Khusus di bidang ekonomi dan bisnis, tantangan yang dihadapi tidak hanya soal persaingan pasar, transformasi digital, atau kecakapan analitik, melainkan juga soal integritas diri, etika bermuamalah, serta kemampuan menyesuaikan diri di tengah ragam budaya sosial masyarakat.

Dalam kerangka inilah, pendidikan berasrama yang mengintegrasikan penanaman adab Islami dan pengembangan skil praktis menemukan relevansi strategisnya.

Pendidikan tinggi di banyak institusi kini cenderung mengutamakan penguasaan teori dan teknologi, tetapi melupakan aspek pembentukan karakter. Mahasiswa dibekali kecakapan teknis, tetapi miskin kepedulian sosial, lemah dalam adab, dan gamang saat menghadapi realitas kehidupan bermasyarakat.

Padahal, bagi calon sarjana ekonomi, kemampuan beradaptasi dengan masyarakat, memahami nilai-nilai keislaman, serta cakap dalam skil praktis seperti kepemimpinan, komunikasi efektif, kewirausahaan, dan manajemen diri, merupakan bekal utama untuk menjadi pelaku ekonomi yang berdaya saing sekaligus berakhlak mulia.

Program pendidikan berasrama mengisi celah ini dengan metode yang terstruktur. Di lingkungan asrama, mahasiswa tak hanya belajar di ruang kuliah, tetapi juga menjalani proses pembentukan diri 24 jam sehari.

Adab Islami ditanamkan secara langsung melalui rutinitas harian: shalat berjamaah, tadabbur Al-Qur’an, muamalah sesama penghuni asrama, serta pembiasaan sikap jujur, disiplin, tanggung jawab, dan rendah hati. Sikap-sikap ini bukan sekadar teori, melainkan diwujudkan dalam praktik sehari-hari yang berulang, sehingga membentuk karakter permanen.

Sebagaimana ditegaskan dalam tradisi pendidikan Islam, adab menduduki posisi lebih utama daripada ilmu. Imam Malik pernah mengingatkan, “Pelajarilah adab sebelum menuntut ilmu.”

Seruan Imam Malik ini sangat relevan dalam konteks masa kini yang mencerminkan kebutuhan mutlak seorang sarjana ekonomi untuk memiliki adab dalam interaksi profesional—baik dalam transaksi bisnis, kerja sama usaha, maupun pelayanan publik—agar keahlian yang dimilikinya memberi manfaat nyata dan tidak tergelincir pada penyalahgunaan kekuasaan atau penipuan pasar.
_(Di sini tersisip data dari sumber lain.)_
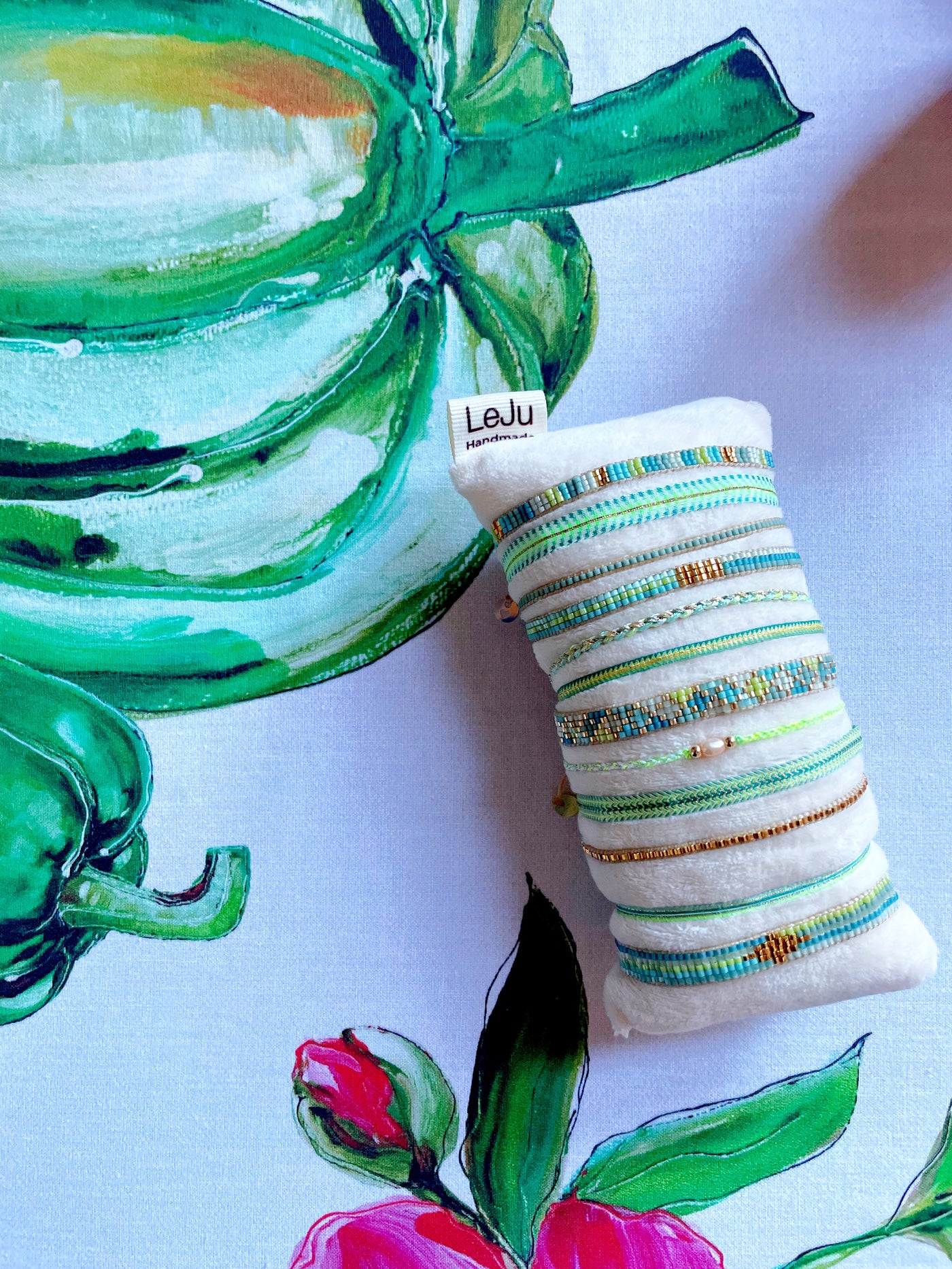 Alle LeJu sieraden worden met de handgemaakt in Colombia. Alle metalen die gebruikt worden zijn van Sterling Zilver, Brons, 14K Goud en Rose Gold Filled. Alle armbanden zijn handgewoven van Polyesterdraad en Japanse glaskralen.

Selain adab, skil praktis juga diasah melalui berbagai program tambahan di asrama, seperti pelatihan kewirausahaan, manajemen koperasi mahasiswa, pengelolaan kegiatan sosial, serta pelatihan soft skill seperti public speaking, penulisan proposal bisnis, dan kepemimpinan tim.
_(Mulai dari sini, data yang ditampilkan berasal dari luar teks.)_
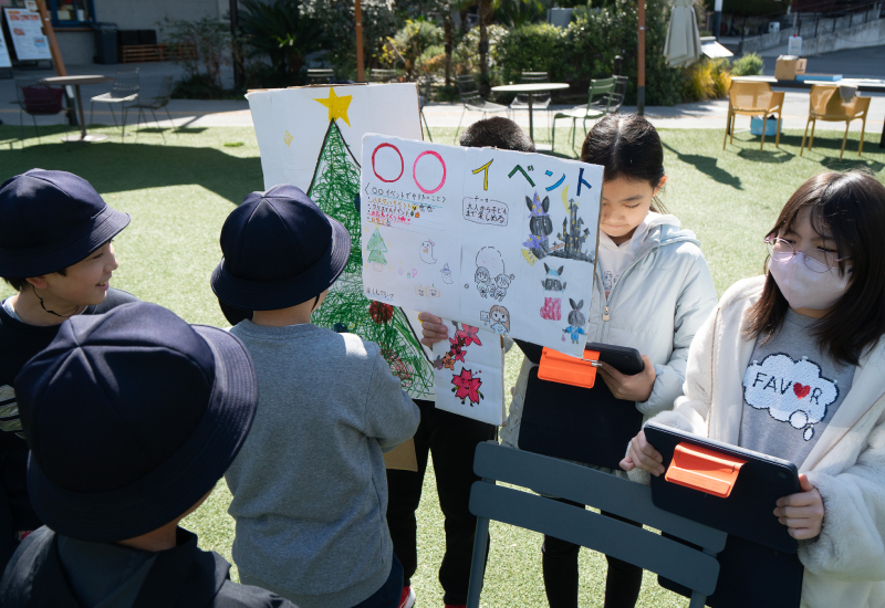 これは、令和4年4月に開校したばかりの新しい小学校、港区立芝浜小学校の4年生の取り組み。総合的な学習の時間の一環で自分たちの住む地域について学んできた集大成として、Hi-NODEや芝浦の街を舞台としたまちづくりのアイデアを、保護者や地域の方にプレゼンテーションをするというものだ。

Aktivitas-aktivitas ini secara alami mengembangkan kemandirian, inisiatif, daya juang, dan kreativitas mahasiswa—atribut yang sangat dibutuhkan dalam dunia kerja maupun dalam pemberdayaan ekonomi masyarakat.

Lingkungan berasrama juga menjadi laboratorium sosial di mana mahasiswa belajar bekerja sama, memimpin, menyelesaikan konflik, dan menghormati perbedaan latar belakang. Ini relevan dengan kenyataan bahwa dunia ekonomi modern semakin mengandalkan kolaborasi lintas budaya, kemampuan membangun relasi, dan kecakapan menyampaikan ide secara efektif kepada publik.

Program asrama yang terintegrasi dengan sistem ikatan dinas pasca-kuliah semakin memperkuat kesiapan pengabdian mahasiswa. Skema ini memastikan bahwa lulusan tidak berhenti pada tahap menguasai pengetahuan, tetapi langsung terjun melayani masyarakat—baik melalui lembaga ekonomi berbasis Islam, koperasi syariah, UMKM binaan pesantren, maupun institusi keuangan berbasis syariah.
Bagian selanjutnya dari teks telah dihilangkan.